Perhaps, some day, if you should find a few of them in a group somewhere, you may point them out to me.
Gurdur
September 1, 2003, 08:30 PM
Originally posted by Alonzo Fyfe
I am afraid that I seldom visit the Political Discussions forum. From what I know of the habits of such creatures, it does make sense to find them in the Political Discussions forum, but not here. In the areas I am accustomed to visiting, Social Darwinism is known on the surface to be in error.
No need to be so nasty about my lowlife slumming habits.
Perhaps, some day, if you should find a few of them in a group somewhere, you may point them out to me.

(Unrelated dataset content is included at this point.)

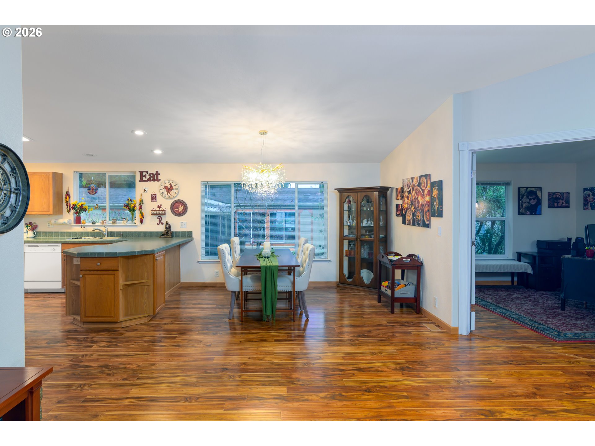 Immaculate home on a corner lot in a desirable 55+ park that is move in ready! The front porch with ramp leads you into the open floor plan of this 1620SF 3bedroom, 2bath home full of natural light with large windows. High quality laminate flooring throughout, primary bathroom with a soaking tub and walk in shower, bonus office space with French doors, a large kitchen and dining area with lots of storage. Outside offers a large covered patio for get-togethers, a shop and a shed, private fenced backyard, as well as space for you four-legged friends! There is a carport as well as ample parking. Fresh interior paint in 2025 and new roof in 2022. Current space rent is $532.00; utilities are separate through the park. Schedule a showing today!

Naming names may well get me in trouble.
Try:
here (http://www.iidb.org/vbb/showthread.php?threadid=59393)
here (http://www.iidb.org/vbb/showthread.php?threadid=61526)
here (http://www.iidb.org/vbb/showthread.php?threadid=60995)
here (http://www.iidb.org/vbb/showthread.php?threadid=58931)
and here (http://www.iidb.org/vbb/showthread.php?threadid=60652)
for interestingly subtle examples.
Overt agitprop is a little rarer now that Trebaxian Vir has left; yet there's a hell of a lot of Social Darwinist thinking below the surface of much politico-economic grandstanding in the PD.